# Can anyone tell me where to buy this specialty wood product?



## deparrott (Aug 19, 2012)

I saw this wood product on TV a while back. The host called it "Wildwood" but I haven't been able to find it. Thought I'd ask the group here for some help and also opinions if they have used it before.

Thanks


----------



## Bluepine38 (Dec 14, 2009)

I did some searching and could not find any information on wildwood in that form. I could not find any easy
way to contact Scott or Susie Phillips, but it you or someone could get in touch with him, he might be able
to help you.


----------



## ArlinEastman (May 22, 2011)

De

If you are refering to the wood in the picture, it is multiples of wood glued together then cut and glued again then cut again and glued again. Long process but looks great.

Arlin

PS - I could not click on the link to watch.


----------



## JustJoe (Oct 26, 2012)

Here's links to a couple of similar ideas, different brands:

http://www.gvwp.net/products/395-super-laminated-bowl-blank.aspx

and Strata-Blanks. I think one of the pen turning sites used to sell this brand, but they quit?
http://timberturners.com/inc/sdetail/15333


----------



## Wildwood (Jul 22, 2012)

Here is the episode 2004: segmented turnings, do not mention a vendor's name or wood used to make that blank.

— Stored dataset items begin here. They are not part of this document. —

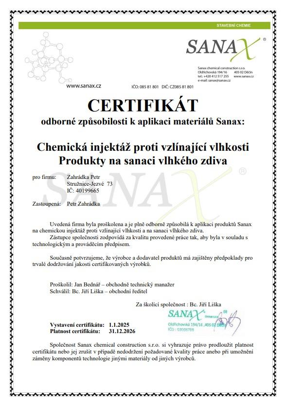 Víme, že sanace vlhkého zdiva je odborná činnost, která vyžaduje zkušené pracovníky. Proto každý rok pravidelně školíme naše zaměstnance certifikovanou firmou.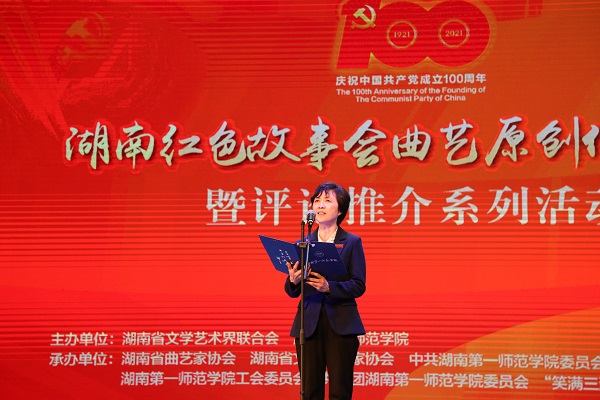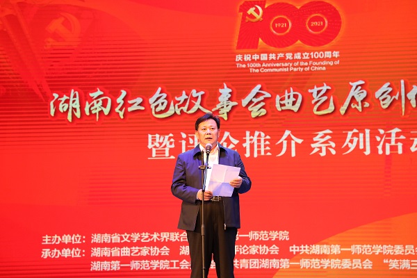 鄢福初在讲话中表示,湖南一师是名副其实的红色革命摇篮,我们在红色五月,通过在红色学院讲红色故事,来追循伟人足迹,缅怀前辈功勋,重温革命精神,传承红色基因,是文艺人的荣光,更是我们新一代人的责任。今年是建党100周年,我们一定要遵循习近平总书记考察湖南的重要讲话精神,教育引导广大党员、干部筑牢信仰之基、补足精神之钙、把稳思想之舵,讲好湖南红色故事,根据湖湘文化精神,用丰富的文艺形式、曲艺的样式为湖南庆祝建党100周年营造良好氛围,为我省实施“三高四新”战略、建设现代化新湖南贡献文艺的智慧和力量。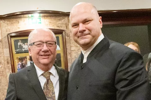 Po premieri: skladatelj Slavko Avsenik mlajši in dirigent Tomaž Kukovič / Foto: GŠ Kranj (Nika Bele)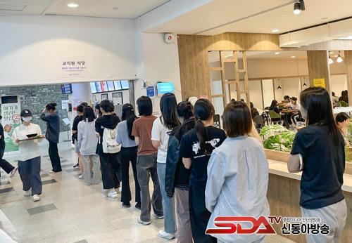 ´ö¼º¿©ÀÚ´ëÇб³ ÇлýµéÀÌ ¾ÆÄ§½Ä»ç¸¦ Çϱâ À§ÇØ ÁÙÀ» ±â´Ù¸®°í ÀÖ´Ù.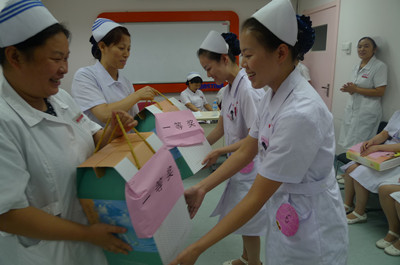 下午的比赛,在妇产科示教室进行,由全体妇产科护士共同参与,比赛的内容分为健康宣教知识及棘手问题现场解答,评委们根据妇产科提供的打分依据给予打分。健康宣教问题是妇产科常见的疾病及护理问题的浓缩归纳。这就要求每一位选手必须全面掌握妇产科的相关理论知识。而棘手问题的解答,更是将整个比赛气氛推向了高潮。各位评委老师将自己日常工作中曾遇到的一些棘手的问题向选手们提问,由选手们现场解答,考查选手们的应变处事能力,最后再由评委老师点评出自己的处理经验与大家共享,此项举措使大家在进行激烈比赛的同时,也得到了有益的学习。整个下午的比赛选手们优雅的举止,得体的仪表,流畅的回答及机智的应变,无不展示了妇产科护士们丰富的理论知识及深厚的内涵素养。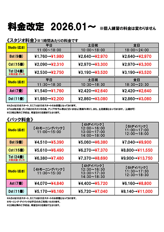 小編成のバンド向き!料金も格安!パックがお得です!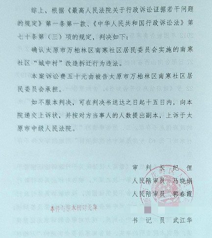 法院经查明案情后,认可了圣运律师的意见,判决确认太原市万柏林区南寒社区居民委员会实施的南寒社区"城中村"改造拆迁行为违法。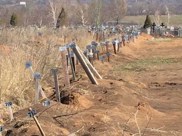 На одном из кладбищ на окраине города Енакиево, захваченного формированиями сепаратистов ДНР, после боев под Дебальцево появилось большое безымянное захоронение. Могилы на нем обозначены только табличками с номерами, при этом располагаются кучно в один ряд, как будто мертвых хоронили в траншеи. Судя по номерам на табличках, захоронения включает более 700 могил.

http://video.wbgu.org/video/2342239083/

Nothing really special about that wood or blank. Have not found a vendor selling anything like that one. Suggest make your own out of favorite contrasting woods and have fun with it.


----------



## DS (Oct 10, 2011)

That product is available in my scrap bin!!! (Some assembly required)
;-)


----------



## deparrott (Aug 19, 2012)

Thanks guys for the suggestions…

The photo I posted was not a link but just a picture so that you could see the product.

Don't think I have the skill set to make a glue up that precise.

I looked but couldn't find a way to contact Scott or his show but do agree that would be the ideal way to find out about this product.

Thanks JustJoe, I liked the second one.

Still looking…


----------



## Wildwood (Jul 22, 2012)

Really do not like "American Woodshop," show for same reason these people expressed.

http://lumberjocks.com/topics/9026

I do not know for sure but assume that fellow teaching segment turning in that episode made the "wildwood blank."


----------



## deparrott (Aug 19, 2012)

The turner on that episode was Bill Sands. I couldn't fine a contact for him either.


----------



## Bluepine38 (Dec 14, 2009)

I had to join Codgerlodge to do it, but I have sent an email to Bill Sands, will let you know if I learn anything.


----------



## deparrott (Aug 19, 2012)

Thank you Bluepine38. I will will be waiting.


----------



## Bluepine38 (Dec 14, 2009)

Bill Sands said they edited those shows heavily and that Susie did not make anything while he was there, but
he gave an email address for Scott. Sent an email and got a prompt response saying that Wildwood went out
of business shortly after the show aired and the product is no longer available. Guess we will have to make
our own.


----------



## deparrott (Aug 19, 2012)

You did a great job tracking an answer for me. Thank you so much. Evidently the show I was watching was a bit dated. You are right, We'll have to make our own.

Thanks again.


----------